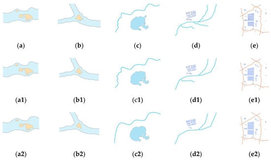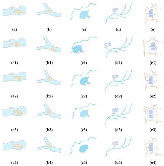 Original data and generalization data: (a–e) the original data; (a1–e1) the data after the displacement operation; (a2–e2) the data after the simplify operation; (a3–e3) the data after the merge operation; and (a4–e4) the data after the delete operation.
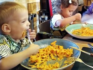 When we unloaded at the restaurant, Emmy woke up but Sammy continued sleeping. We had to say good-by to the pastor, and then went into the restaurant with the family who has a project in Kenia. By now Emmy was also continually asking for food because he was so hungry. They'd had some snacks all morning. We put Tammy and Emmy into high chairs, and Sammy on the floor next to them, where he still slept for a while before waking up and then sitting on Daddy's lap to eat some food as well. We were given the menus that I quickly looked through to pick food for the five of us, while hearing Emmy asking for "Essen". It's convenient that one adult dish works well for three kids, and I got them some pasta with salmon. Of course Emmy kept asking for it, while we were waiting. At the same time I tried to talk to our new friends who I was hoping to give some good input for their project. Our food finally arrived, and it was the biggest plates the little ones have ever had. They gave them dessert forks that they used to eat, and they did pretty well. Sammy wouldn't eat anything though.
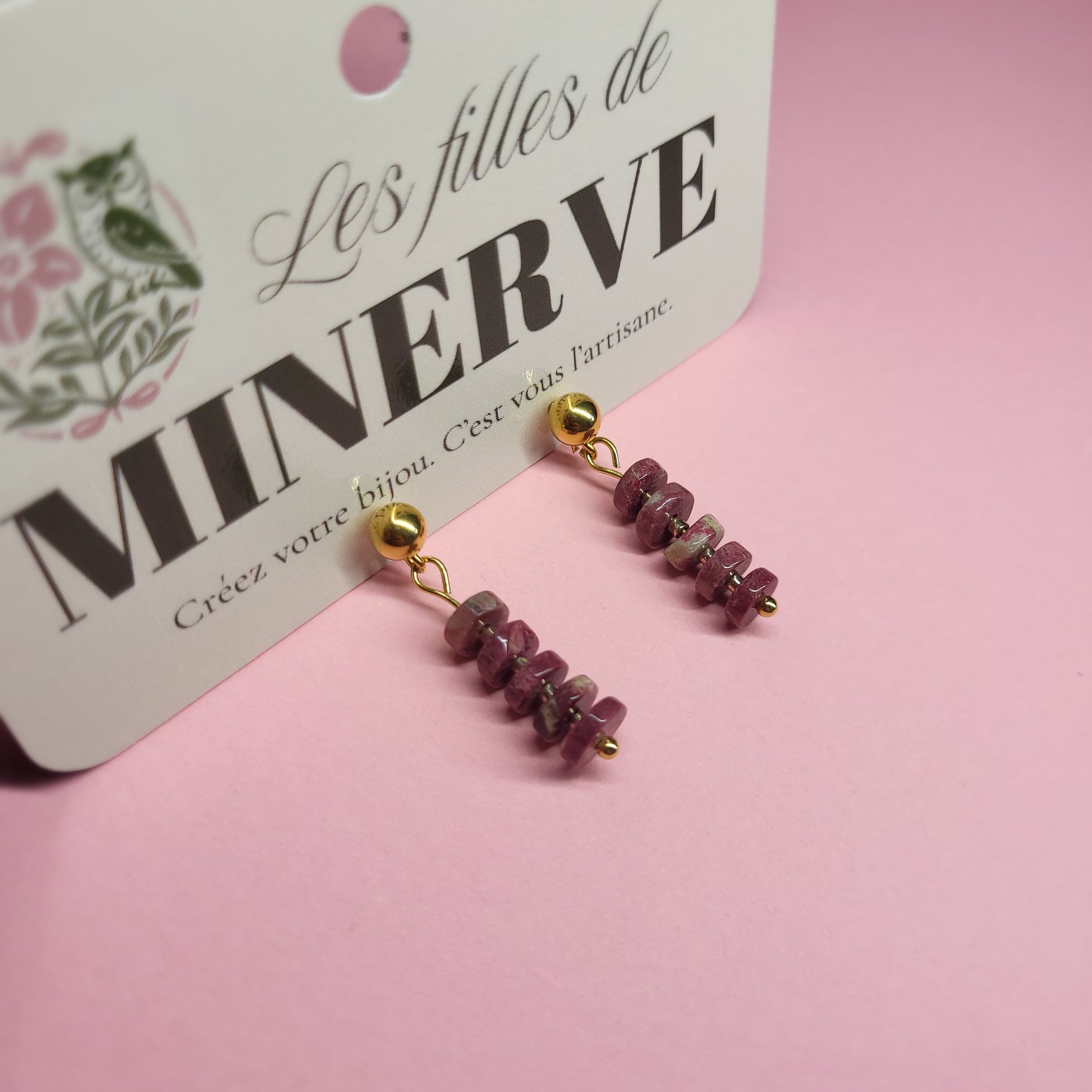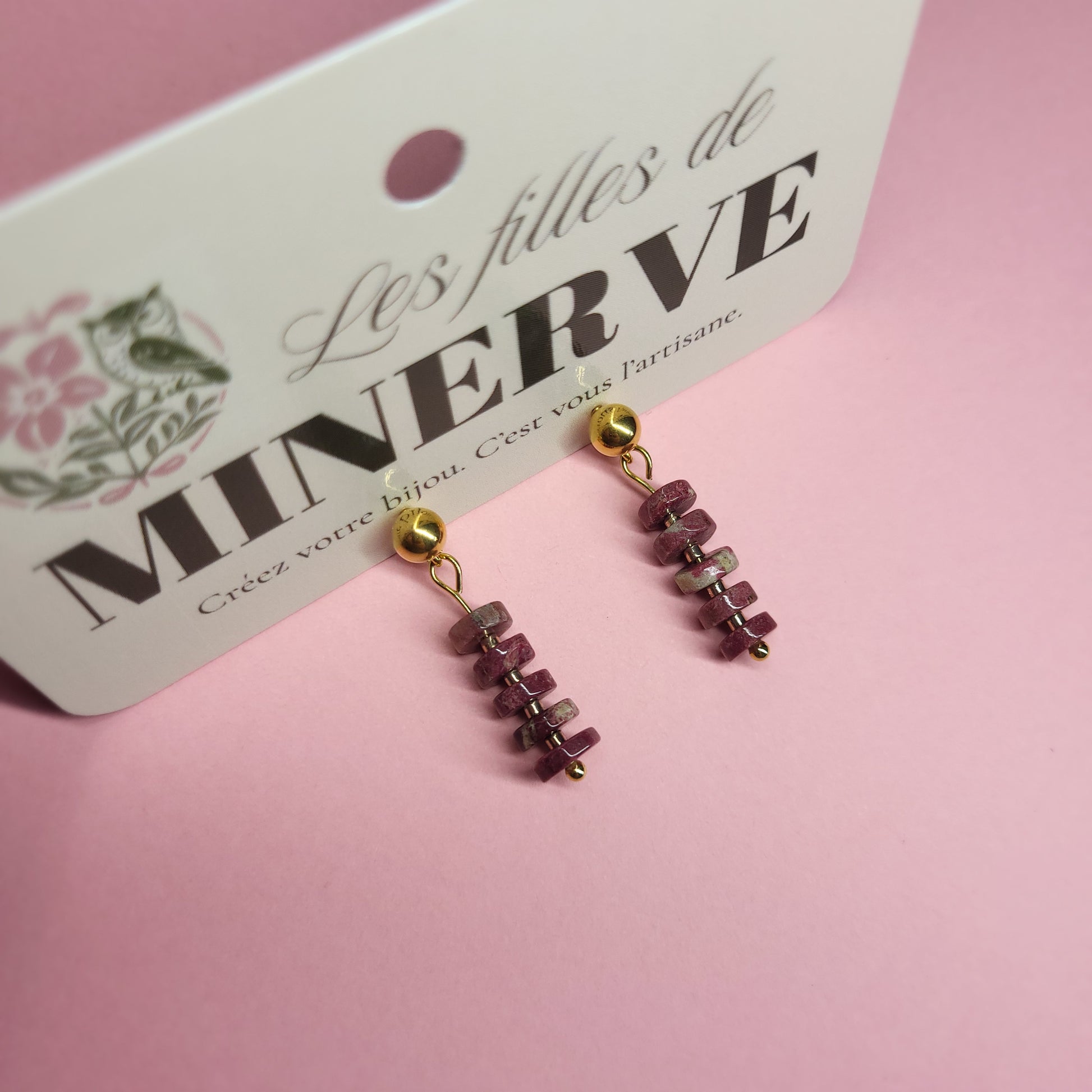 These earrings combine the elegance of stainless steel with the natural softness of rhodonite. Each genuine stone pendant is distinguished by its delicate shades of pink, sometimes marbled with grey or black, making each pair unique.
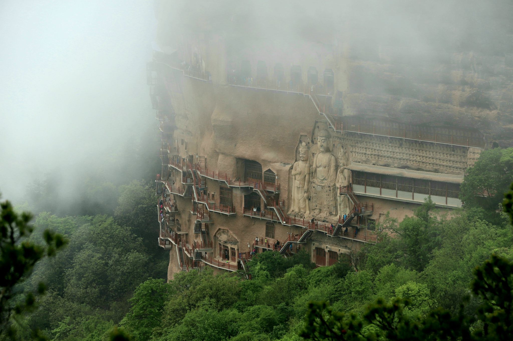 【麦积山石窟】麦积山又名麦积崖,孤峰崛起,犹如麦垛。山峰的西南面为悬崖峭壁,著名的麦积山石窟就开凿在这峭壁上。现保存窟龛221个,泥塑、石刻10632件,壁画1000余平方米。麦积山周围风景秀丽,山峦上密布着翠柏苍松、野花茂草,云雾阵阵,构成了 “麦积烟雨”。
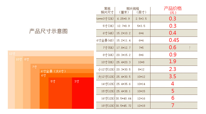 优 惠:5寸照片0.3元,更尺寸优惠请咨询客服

--

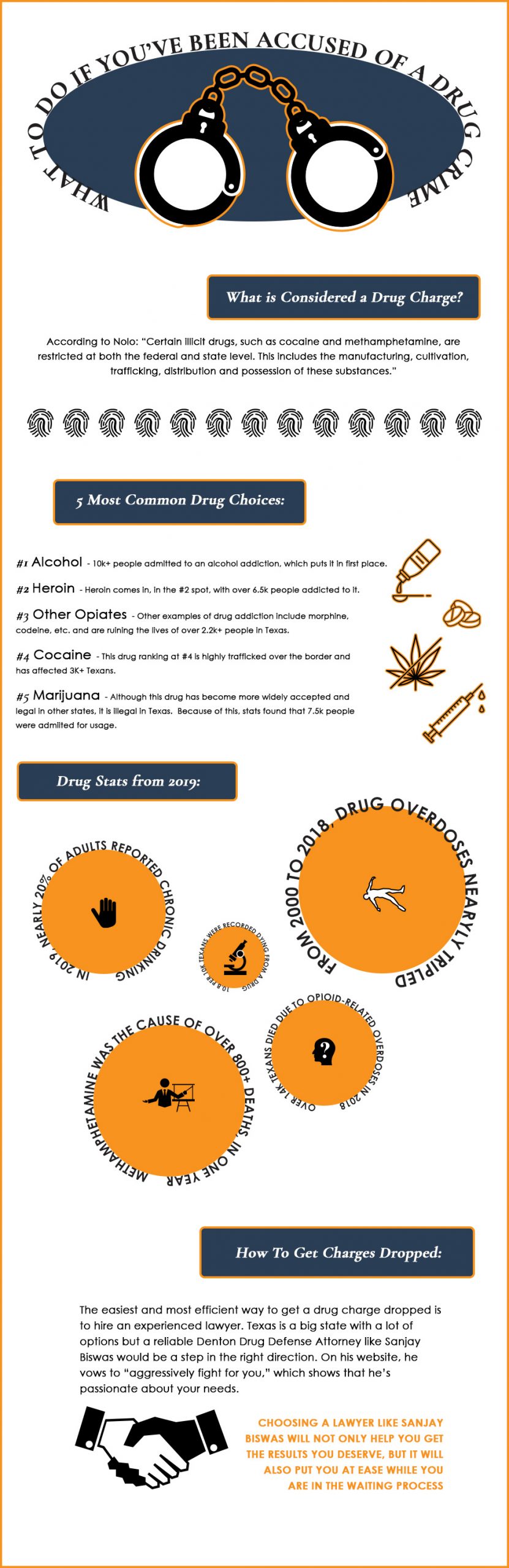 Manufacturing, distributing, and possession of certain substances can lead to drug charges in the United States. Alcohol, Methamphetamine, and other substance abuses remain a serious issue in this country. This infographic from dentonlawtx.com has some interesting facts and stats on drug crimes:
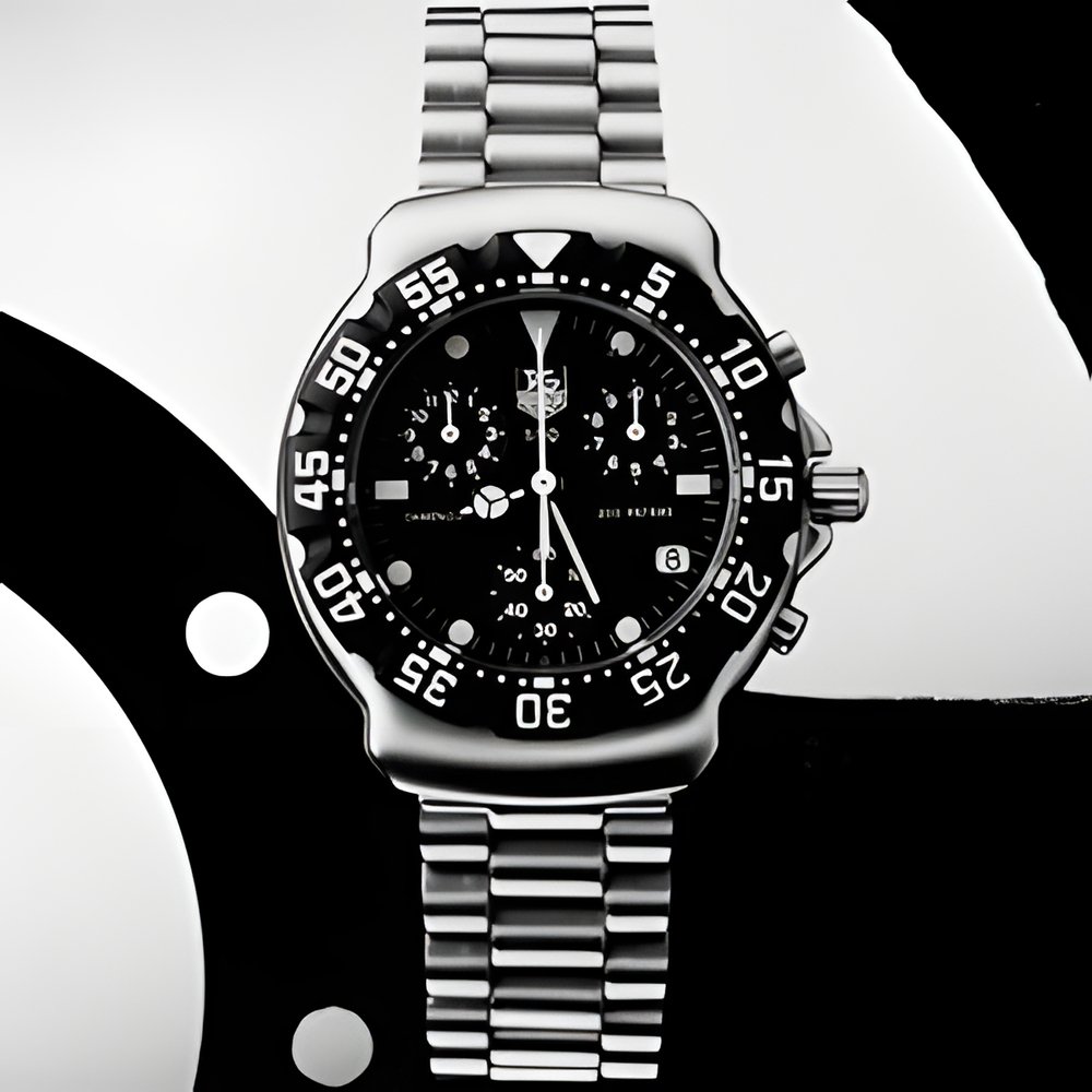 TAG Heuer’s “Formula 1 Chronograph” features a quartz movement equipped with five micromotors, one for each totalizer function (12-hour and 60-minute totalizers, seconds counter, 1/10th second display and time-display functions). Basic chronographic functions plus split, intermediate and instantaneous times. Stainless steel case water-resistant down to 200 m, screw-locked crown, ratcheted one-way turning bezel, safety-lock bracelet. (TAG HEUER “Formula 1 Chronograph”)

--

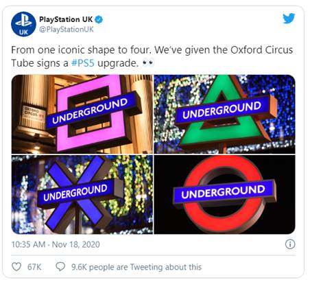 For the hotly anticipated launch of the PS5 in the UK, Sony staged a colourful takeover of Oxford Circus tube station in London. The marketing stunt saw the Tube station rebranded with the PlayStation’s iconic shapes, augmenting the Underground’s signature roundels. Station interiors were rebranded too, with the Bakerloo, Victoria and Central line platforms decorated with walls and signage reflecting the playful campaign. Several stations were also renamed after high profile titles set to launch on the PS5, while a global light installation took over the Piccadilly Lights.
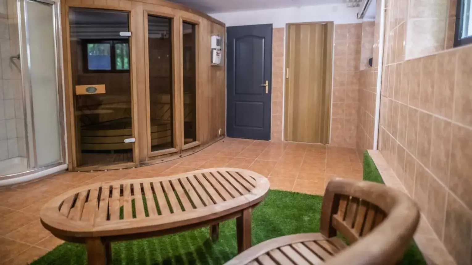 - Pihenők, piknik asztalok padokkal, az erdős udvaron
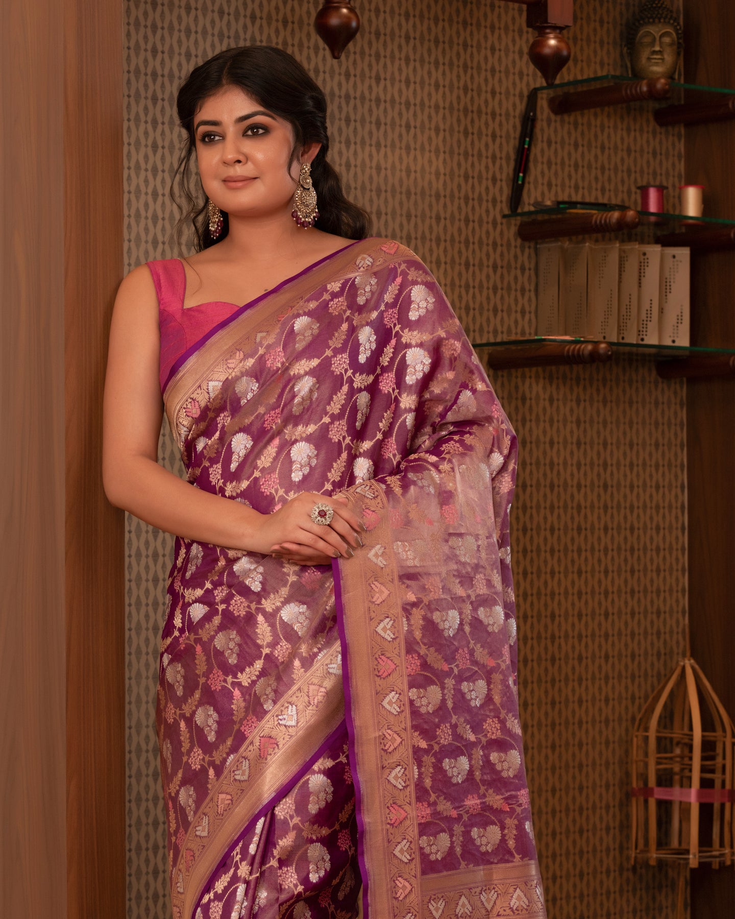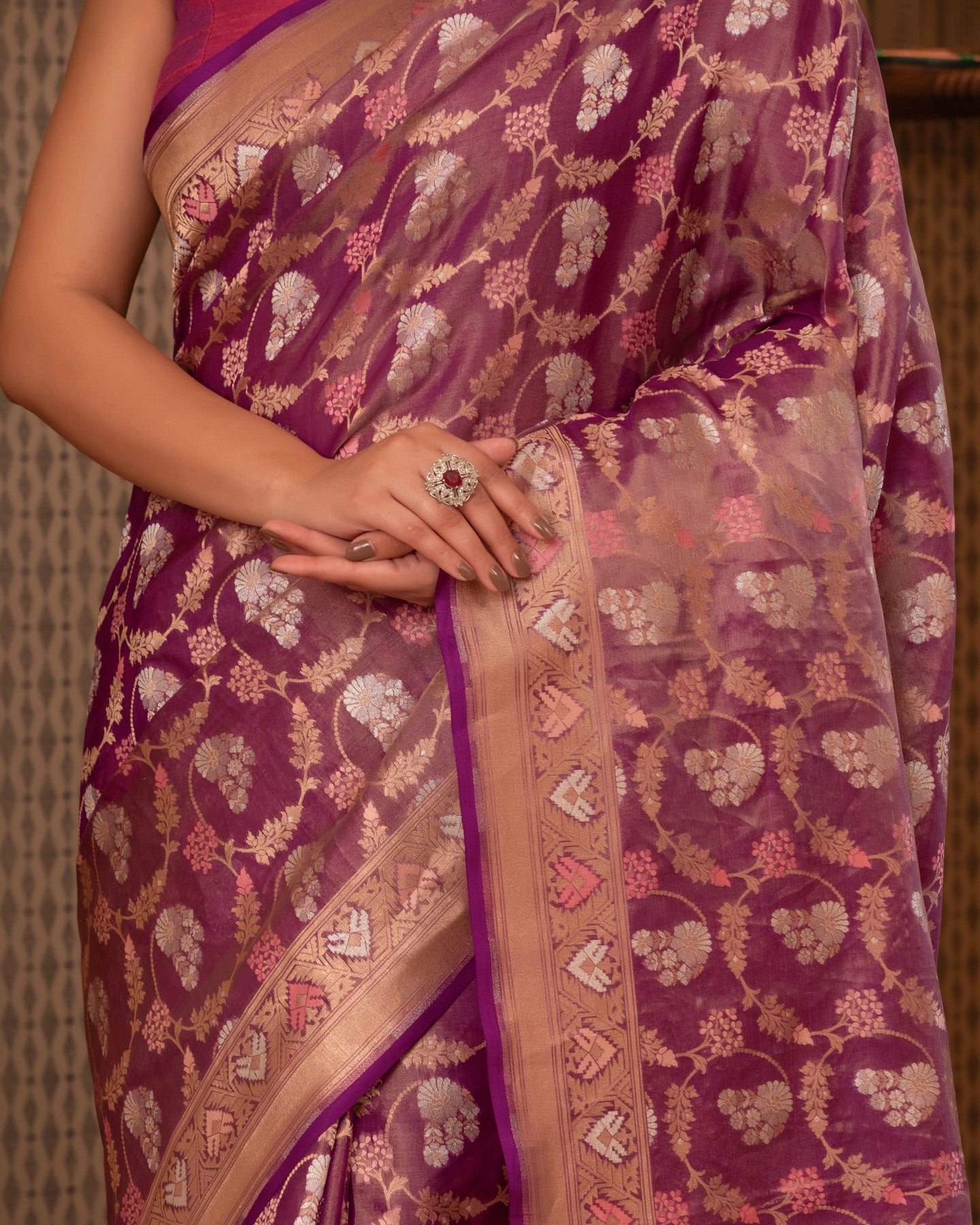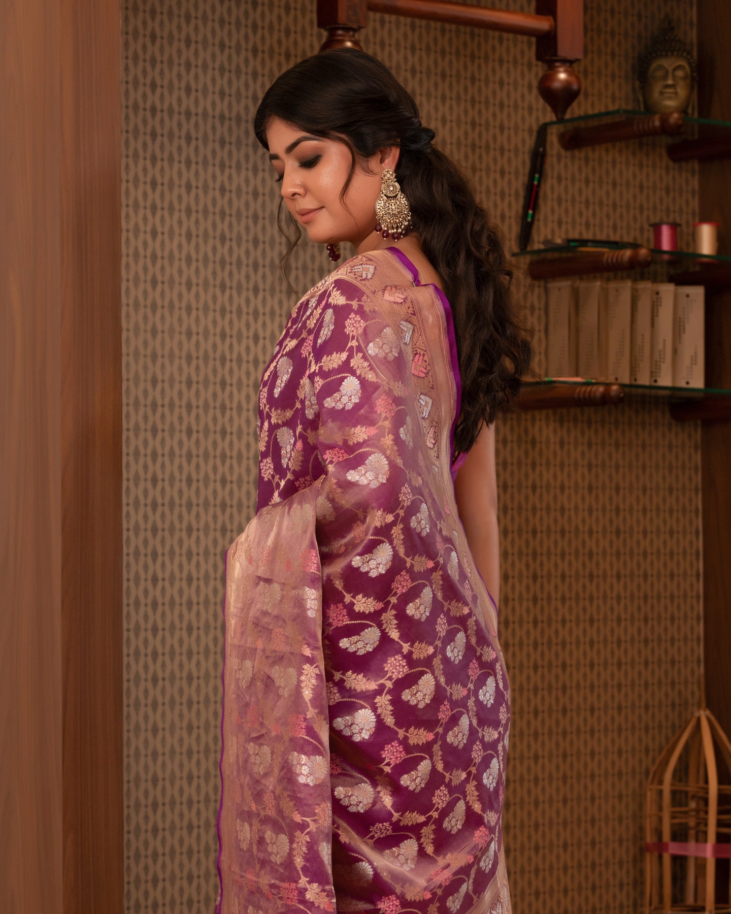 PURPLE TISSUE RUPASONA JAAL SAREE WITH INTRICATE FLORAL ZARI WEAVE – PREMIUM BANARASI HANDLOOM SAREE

--

[Description of the task]: Using the data above, give again exactly the lines starting at the one holding "Original data and" and ending at the one holding "When we unloaded", inclusive, and nothing more. Omit the pictures.

[Answer for this exercise]:
 Original data and generalization data: (a–e) the original data; (a1–e1) the data after the displacement operation; (a2–e2) the data after the simplify operation; (a3–e3) the data after the merge operation; and (a4–e4) the data after the delete operation.
 When we unloaded at the restaurant, Emmy woke up but Sammy continued sleeping. We had to say good-by to the pastor, and then went into the restaurant with the family who has a project in Kenia. By now Emmy was also continually asking for food because he was so hungry. They'd had some snacks all morning. We put Tammy and Emmy into high chairs, and Sammy on the floor next to them, where he still slept for a while before waking up and then sitting on Daddy's lap to eat some food as well. We were given the menus that I quickly looked through to pick food for the five of us, while hearing Emmy asking for "Essen". It's convenient that one adult dish works well for three kids, and I got them some pasta with salmon. Of course Emmy kept asking for it, while we were waiting. At the same time I tried to talk to our new friends who I was hoping to give some good input for their project. Our food finally arrived, and it was the biggest plates the little ones have ever had. They gave them dessert forks that they used to eat, and they did pretty well. Sammy wouldn't eat anything though.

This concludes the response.